Die Stücke lagen dann ca. 10 Stunden in einer Marinade aus süßer Chillisoße, Limettensaft, gehackter Chilli, frischer Petersilie, Koriander, rotem Pfeffer und Salz im Kühlschrank.
Dann einfach abwechselnd mit Gemüse (Cocktailtomaten, Paprikastücken, Zwiebel, Pilze, was man eben so da hat...) und Schweinebauch (eiungelegt in Knoblauch-Chilli)  auf Spieße ziehn und ab auf den Grill damit!

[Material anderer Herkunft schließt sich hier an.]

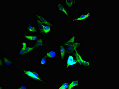 Immunofluorescent analysis of Hela cells using CSB-PA343033LA01HU at dilution of 1:100 and Alexa Fluor 488-congugated AffiniPure Goat Anti-Rabbit IgG(H+L)
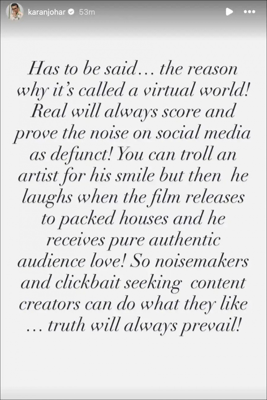 މި ކަމާ ގުޅިގެން ވަރުންގެ ދިފާއުގައި ސޯޝަލް މީޑިއާގައި ކަރަން ކުރި ދިގު ޕޯސްޓުގައި ބުނެފައިވަނީ ވަރުންގެ ހިނިތުންވުމަށް ބަޔަކުމީހުން މަލާމާތްކުރިއިރު ފިލްމު "ބޯޑާ 2" ހޯދަމުން އަންނަ ކާމިޔާބީއާ ގުޅިގެން ވަރުން ހަގީގަތުގައި ވެސް މިއަދު ހުރީ ހެވިފައި ކަމަށެވެ.
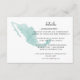 This details card features a watercolor map of Mexico with a tiny heart over Los Cabos. The word "details are in a cursive style font. All the accommodation information is in black and includes a place to add your wedding website info. The back of the card has an aqua green background with the bride and groom's names and wedding date in white. This design coordinates with the other products in the Mexico Map Wedding collection.
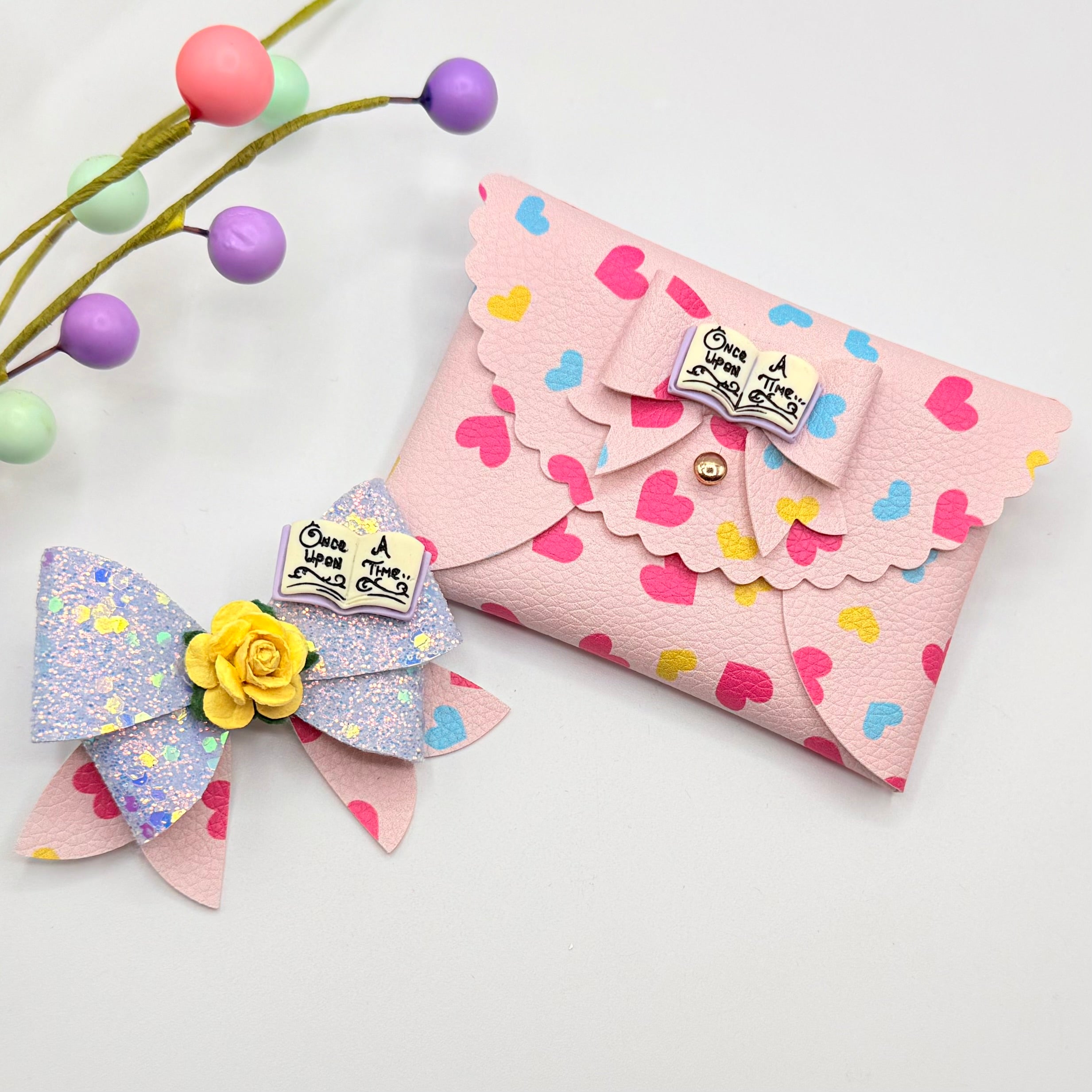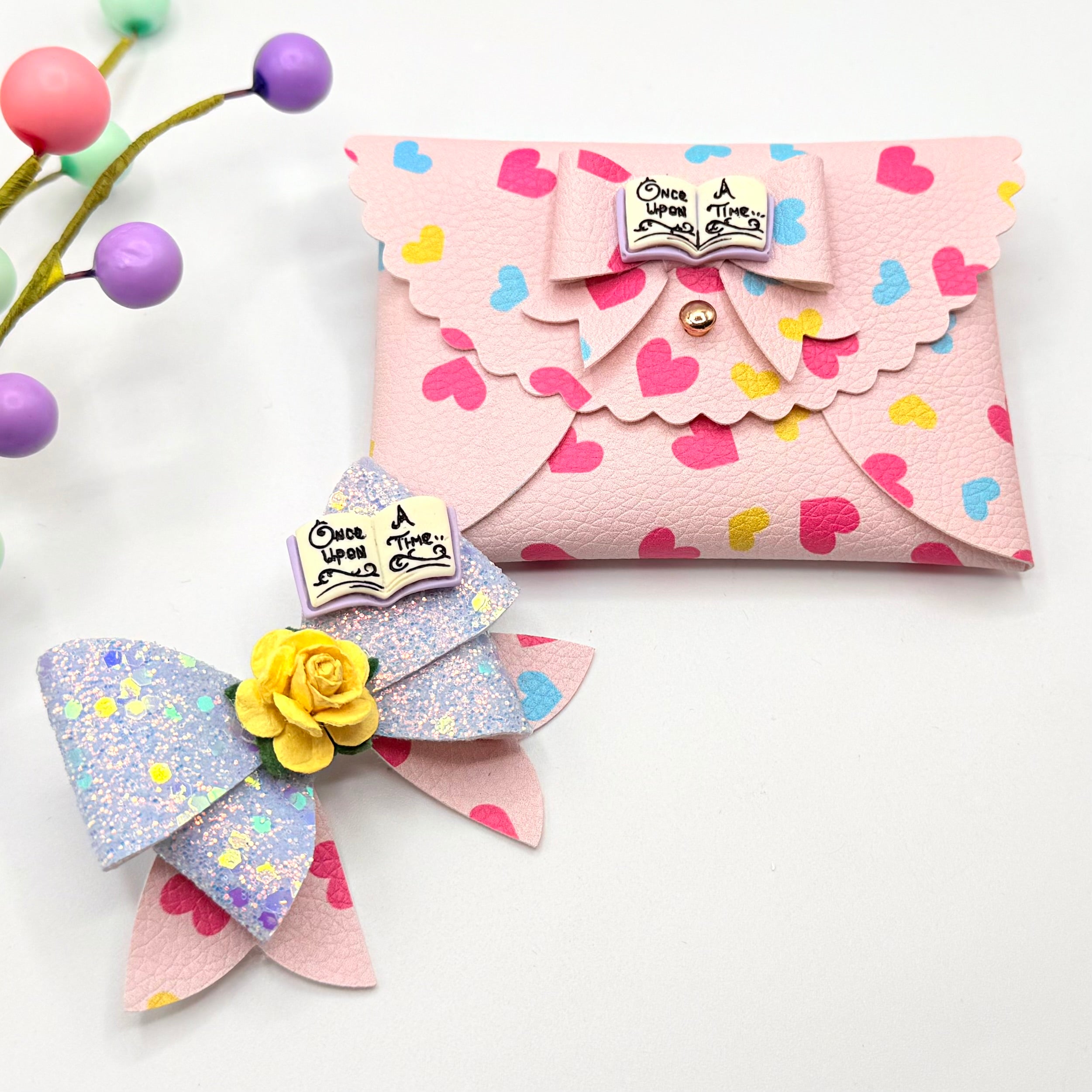 This beautiful set an easy to use pouch style purse and matching hair bow. Both with adorable fairy tale book embellishments.
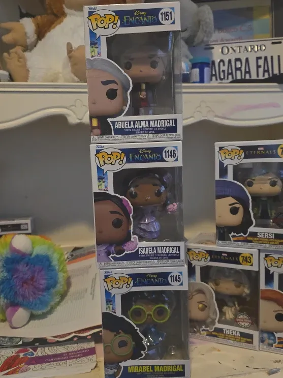 Three Funko Pop! vinyl figures from Disney's Encanto: Abuela Alma Madrigal (1151), Isabela Madrigal (1146), and Mirabel Madrigal (1145). These collectible figures come in their original boxes. Perfect for any Encanto fan's collection!
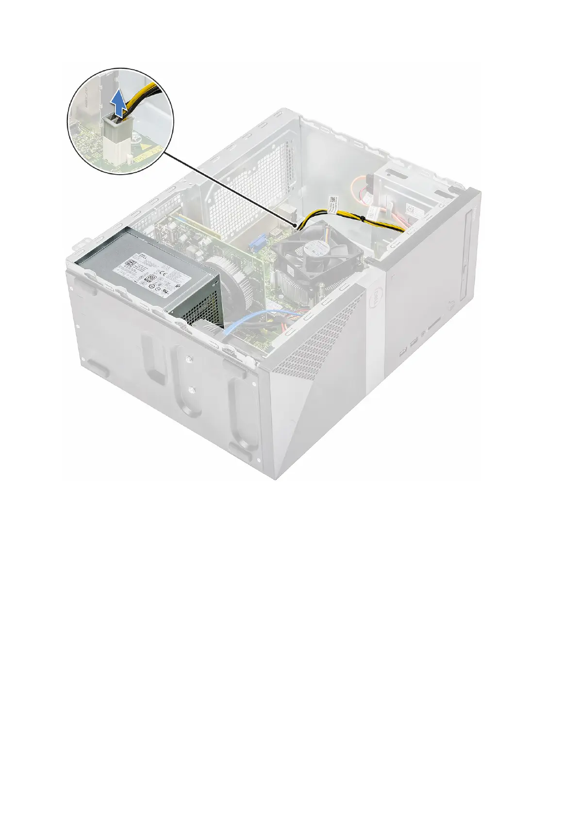 b) Unroute the PSU cables from the retention clips [1, 2, 3].
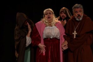 Embora escrita há décadas, a obra se revela surpreendentemente atual, com cardeais corruptos, testemunhas falsas, repleta de servas e demônios que conduzem a trama para o paradoxo e o absurdo, reforçando a potência do texto de Dario Fo e sua capacidade de dialogar com diferentes contextos históricos.
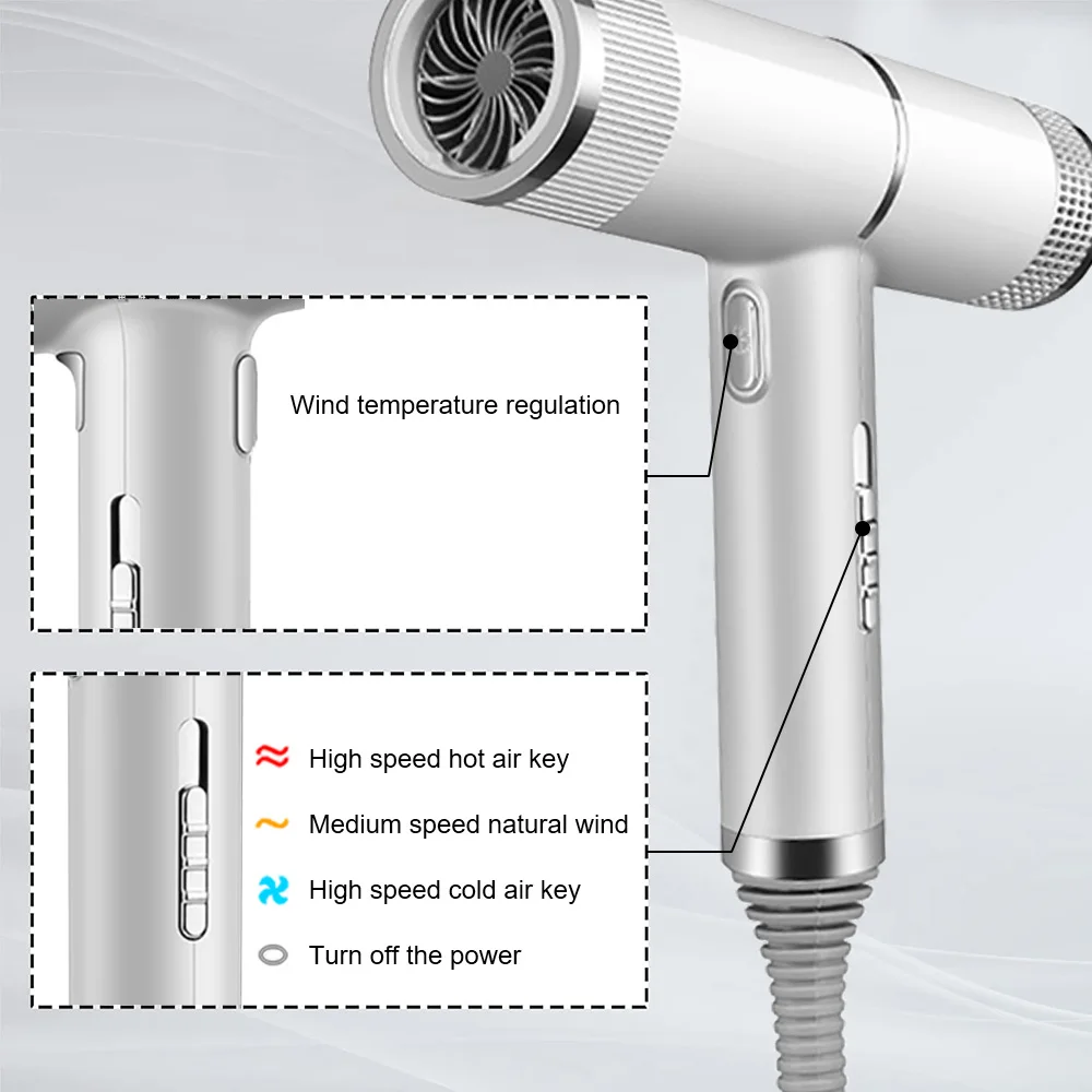 Efficient & Fast Drying: Powered by a 2000W motor with speeds up to 10,000 RPM, this dryer ensures quick, efficient drying. Negative ion technology accelerates drying time, minimizes heat damage, and delivers flawless results.

Wir haben nen Geburtstag nachgefeiert und waren dementsprechend viele Leute ... beinahe hätte ich von den knapp 2,5kg Aal nichts mehr abgekriegt =)

Hat auf jeden Fall jedem sehr gut geschmeckt.

Viel Spaß damit!
|wavey:


----------



## Kistenmann (2. Mai 2011)

*AW: Aal-Schaschlik*

Da hätte ich doch gerne mal n Foto von gesehen |wavey:
Hört sich gut an!


----------



## daci7 (2. Mai 2011)

*AW: Aal-Schaschlik*



Kistenmann schrieb:


> Da hätte ich doch gerne mal n Foto von gesehen |wavey:
> Hört sich gut an!



Foto von den Fischen, den Anglern, der Zubereitung, dem Ergebnis oder dem Geburtstag? 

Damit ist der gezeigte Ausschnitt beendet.